Le prove da affrontare poi, sono massacranti, con i Rally di Monte Carlo da oltre 30 tappe (più di 700 chilometri cronometrati complessivi), i Tour de Corse da 1000 chilometri e soprattutto il “vero” Safari, nulla a che vedere con le gare di oggi che si aggirano sui 300 chilometri.
1982, l’anno della svolta
In ogni caso, il vero anno di svolta è il 1982, allorché la FISA (l’allora commissione della FIA che organizzava le competizioni automobilistiche, abolita nel 1993, con la riforma che riportava suddetta competenza direttamente in seno alla FIA stessa) introduce, a partire dalla stagione successiva, le Gruppo B, in sostituzione sia delle Gruppo 4 (Gran Turismo modificate) che delle Gruppo 5 (GT prototipo).

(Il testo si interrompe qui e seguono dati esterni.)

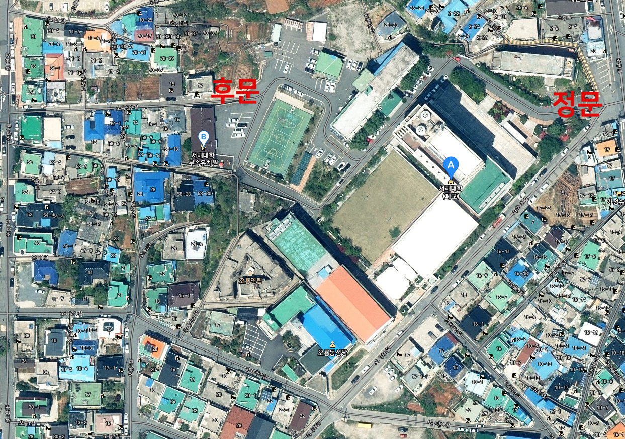 정문과 바로바로 대치대는 부분에 후문이 존재합니다. 서해대학 부속유치원이 후문 바로 옆에 위치하고 있고요. 사실 말이 후문이지 골목길 앞까지는 차량 출입이 가능하고 후문은 사람 하나 겨우 드나드는 수준의 문입니다.

Tutto sommato, i nuovi prototipi nascono nella cornice tecnica di un regolamento con poche restrizioni: un minimo di 200 esemplari prodotti per ottenere l’omologazione e per il resto, come detto, nessuna particolare limitazione alle prestazioni, né alle caratteristiche delle vetture.
E così, le grandi case cominciano ad impegnarsi nel progettare modelli sempre più performanti e leggeri, con punte di oltre 500 cavalli (forse anche 600) tra l’85 e l’86, biennio di massimo sviluppo: i costruttori infatti, avevano imparato considerare il Mondiale Rally un’importante banco di sperimentazione per i modelli da strada, oltreché un grande palcoscenico per affermare la propria immagine; il tutto mentre gli appassionati si moltiplicavano, assiepandosi ai bordi delle strade.
Le potenze, per l’appunto, nell’ordine dei 600 cavalli, muovevano delle masse di circa 900 kg: tale miscela garantiva alle vetture accelerazioni sullo 0/100 nell’ordine dei 2,5/2,7 secondi e con velocità di punta, sulle prove speciali, di oltre 200 km/h.
Di quei tempi, restano su tutte, come icone indelebili, le Lancia (la cui squadra ufficiale gareggiava sotto le insegne del Martini Racing), con i modelli 037 (campione tra i costruttori nel 1983) e 037 EVO prima, la Delta S4 poi, le Audi quattro A1 e A2, le Toyota Celica Twin-Cam Turbo, le Ford RS200 e le Peugeot, sia con le 205 che con le 405 Turbo 16.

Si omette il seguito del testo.